"Sleep Now in the Fire" - Rage Against the Machine
There seems to be a glimmer of recognition out there that what is going on in the global economy is much more profound than a run of the mill recession -- even a quite severe one. Pundits finally seem to be grasping that the western economies are in a box from which escape will not be easy. Beyond that though, the prescriptions for recovery seem to be wanting. Thomas Friedman gives us the classic upper middle class striver solution -- study harder, work harder, be more productive. This is something that Friedman's professional class readers will intuitively relate to -- they are people who think of themselves as winners in a world of competition, people who got into the best colleges, law schools, medical schools, business schools -- people who became partners at big law firms and investment firms and the like. It is inconceivable to many of these folks that they, too, could somehow be rendered obsolete, that a world of unbridled competition, one in which their professions cease to be protected by licensing and state and international boundaries, is one where they might just be another superfluous and overpaid bit of personnel.
Nouriel Roubini weighs in with a similarly themed column, one that has more intellectual weight than Friedman's. but seems in the end to have a similar conclusion. And Joe Nocera looks to the forces of commerce to save us -- asking plaintively "what is business waiting for?" I've actually liked Nocera's early work as an opinion columnist, but this seems silly. Business is going to hire people when there is sufficient demand to buy that which workers produce -- individual firms are not going to waste money investing in workers who produce products or services that will not be purchased. Stimulating such demand must in the end fall to government.

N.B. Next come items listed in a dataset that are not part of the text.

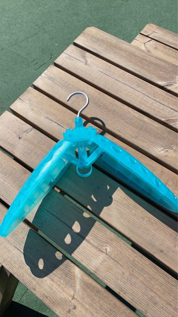 お腹の部分にタオルを挟んで2つ折りにし、ポールなどに掛けるか、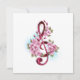 Pink treble clef with delicate, detailed pink Japanese cherry blossoms against white background painted over with light blue paint. Blooming pink sakura.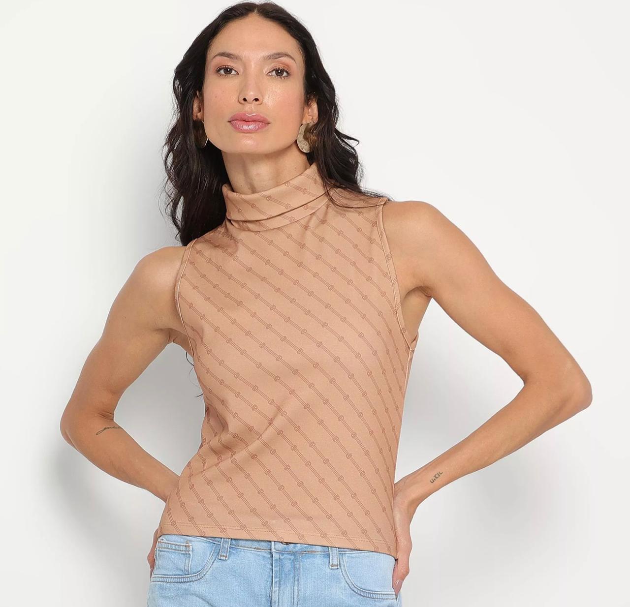 Regata nas cores marrom claro e marrom.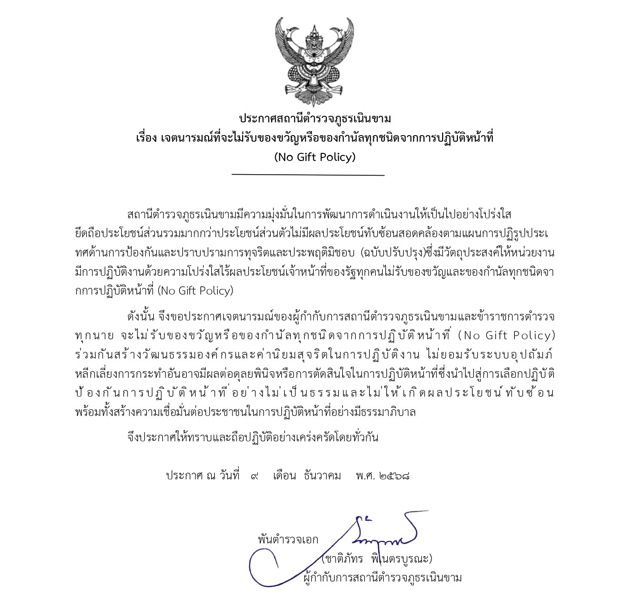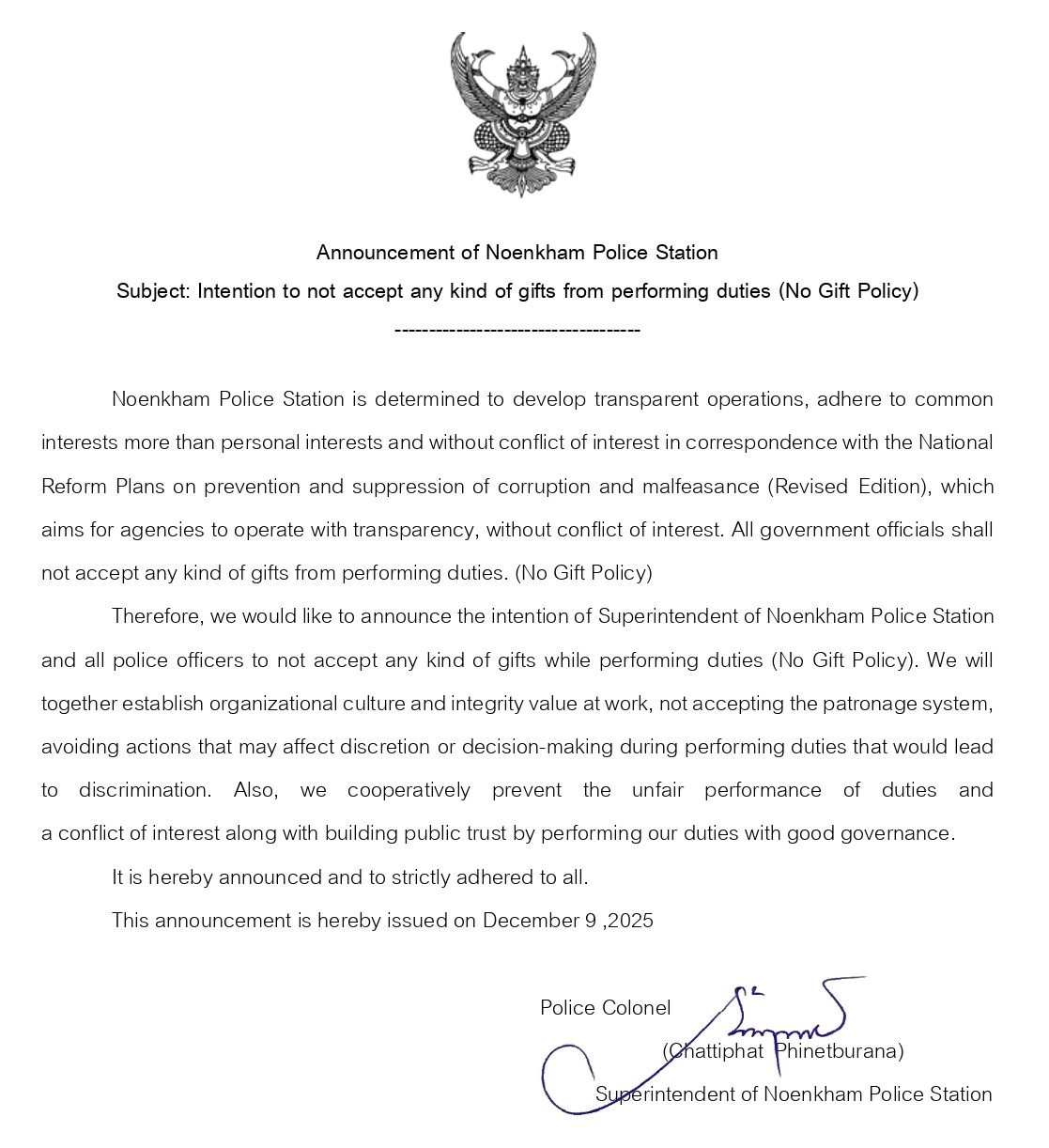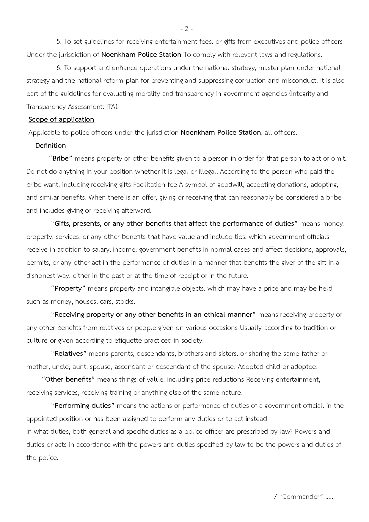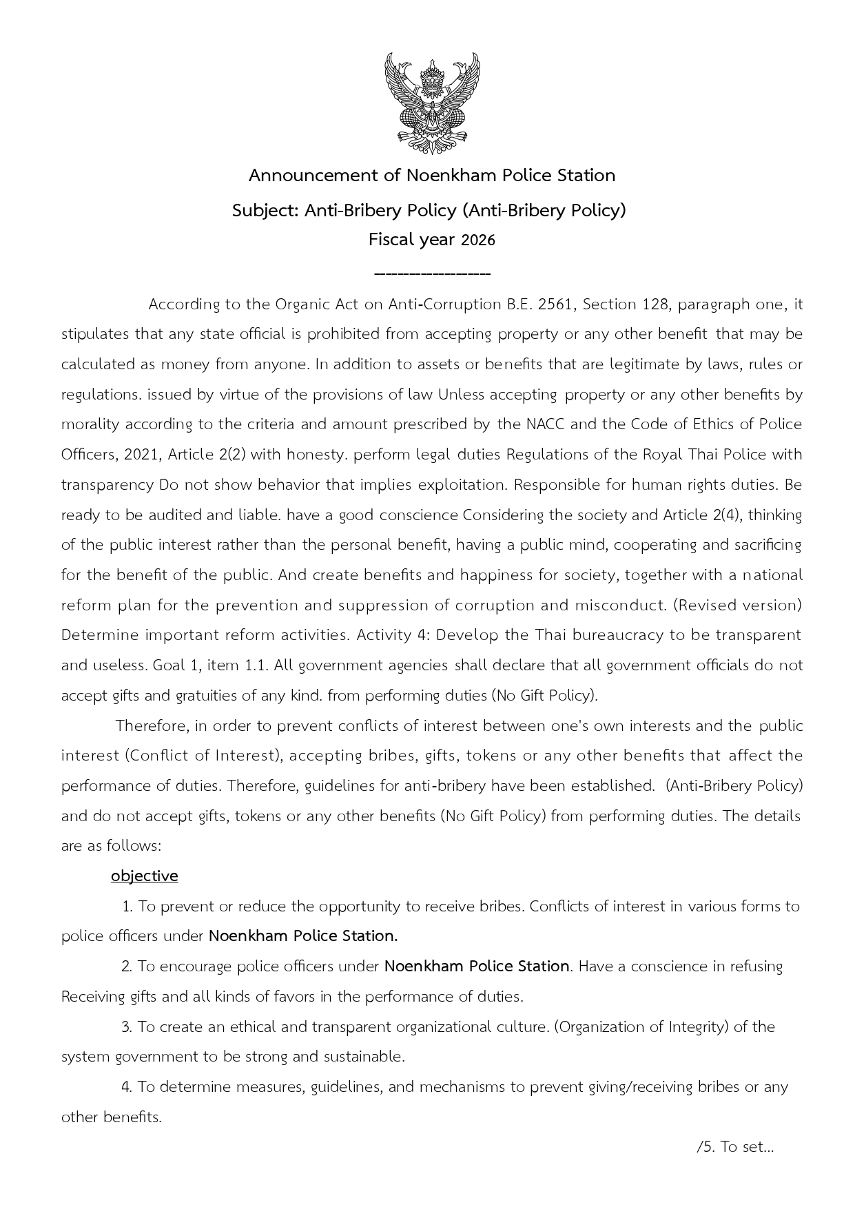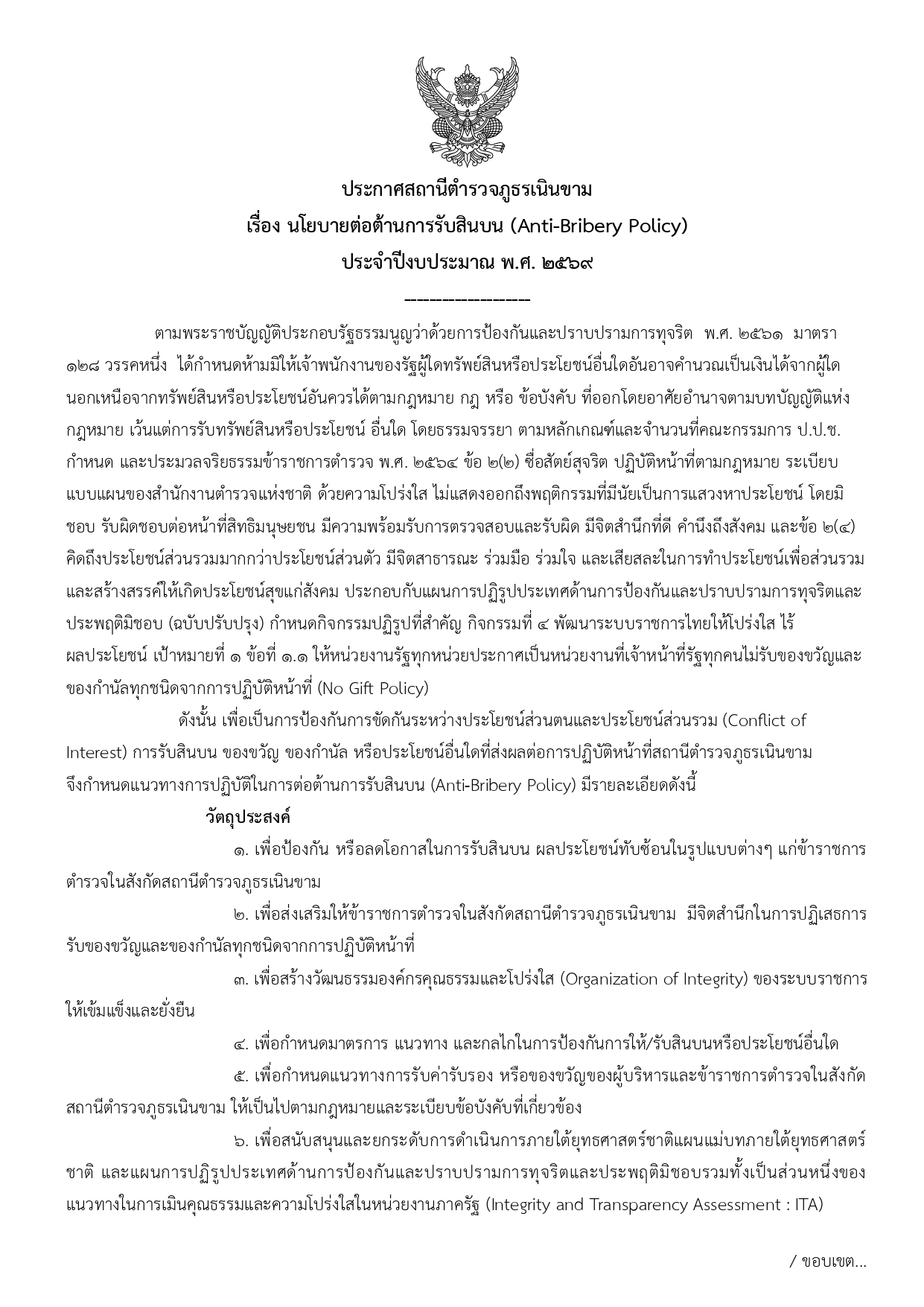 O18 – ประกาศนโยบายต่อต้านการรับสินบน (Anti – Bribery Policy)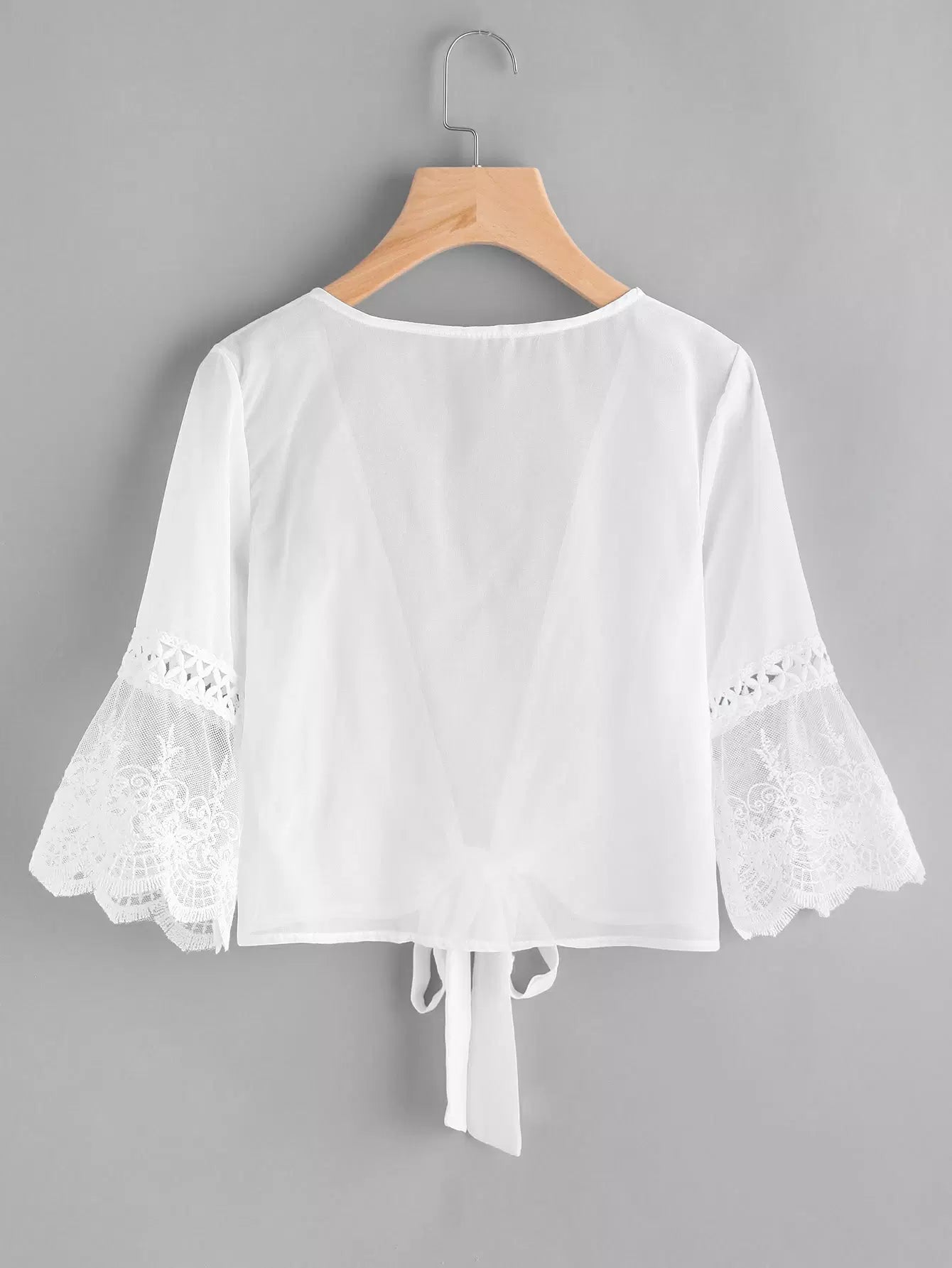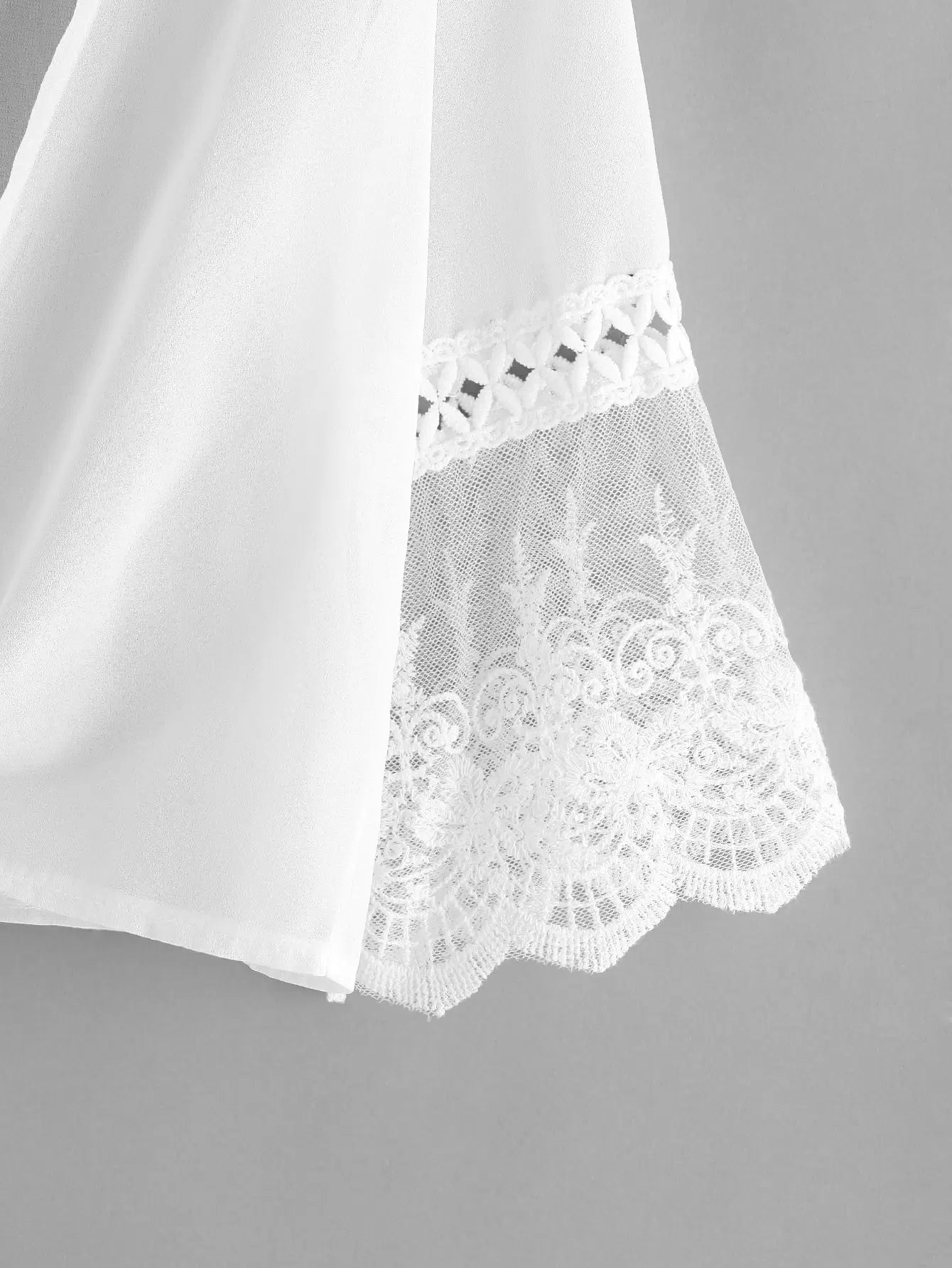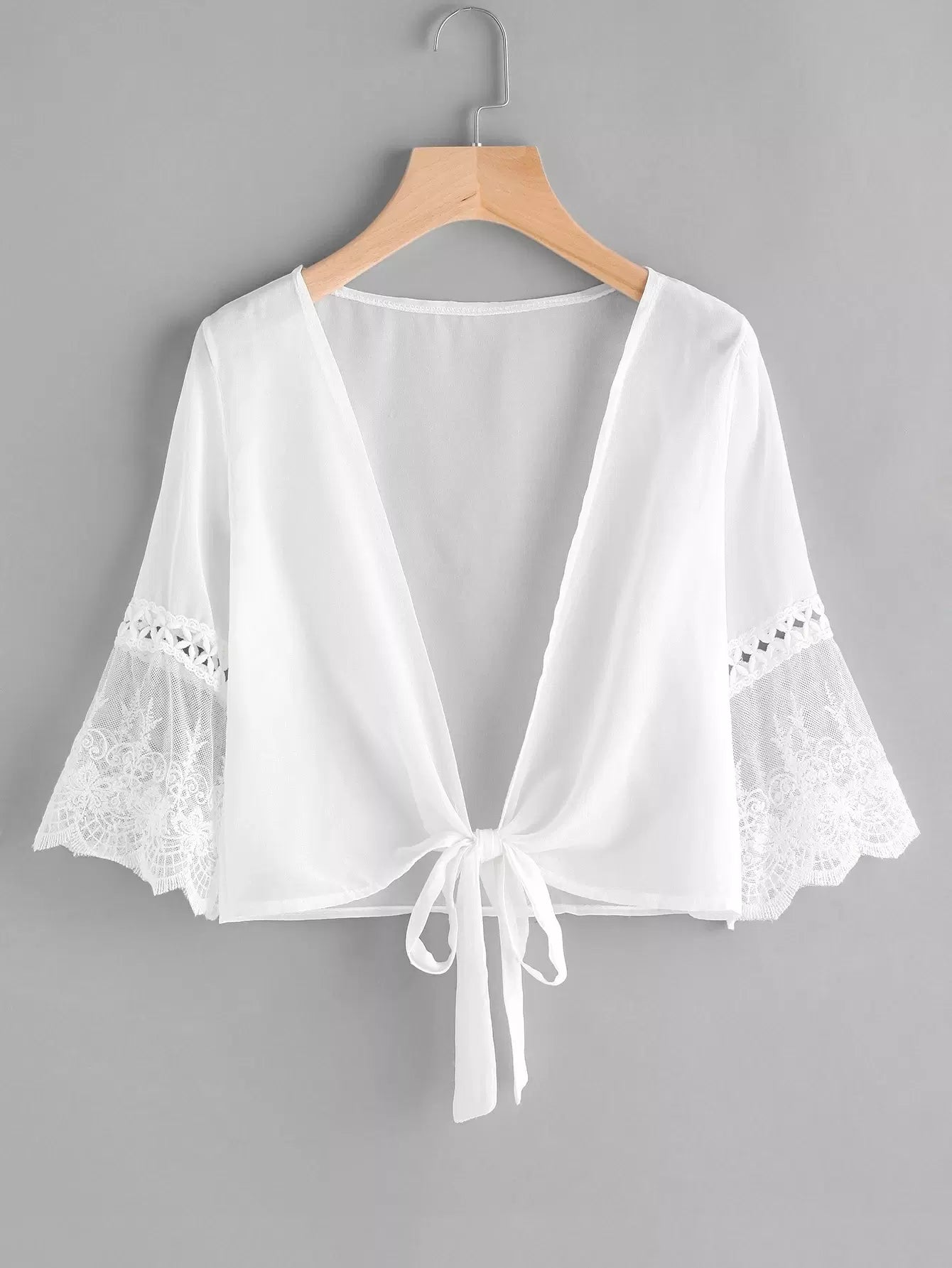 Embroidered Mesh Fluted Sleeve Self Tie Kimono

(One false premise in Friedman's column and one reflected in much of current opinion is that the American social safety net is unsustainable. It's not. Unlike some of our European counterparts, we have a revenue problem, not a problem with overly generous common provisions to the citizenry. And, as Warren Buffet so ably pointed out, we have an easy solution to our revenue problems.)
The next "big idea" we need on the political/economic spectrum is one that helps get us through this moment of massive deleveraging and dislocation, while moving us toward some sort of equilibrium in terms of economic power. A world in which capital has its way virtually all of the time is simply not a world any of us should want to live in -- and all of the study and hard work and skills building is never going to change that.
Or as Thomas Frank put it far better than I can, praying to the God that sucked is always going to be an act of futile obeisance.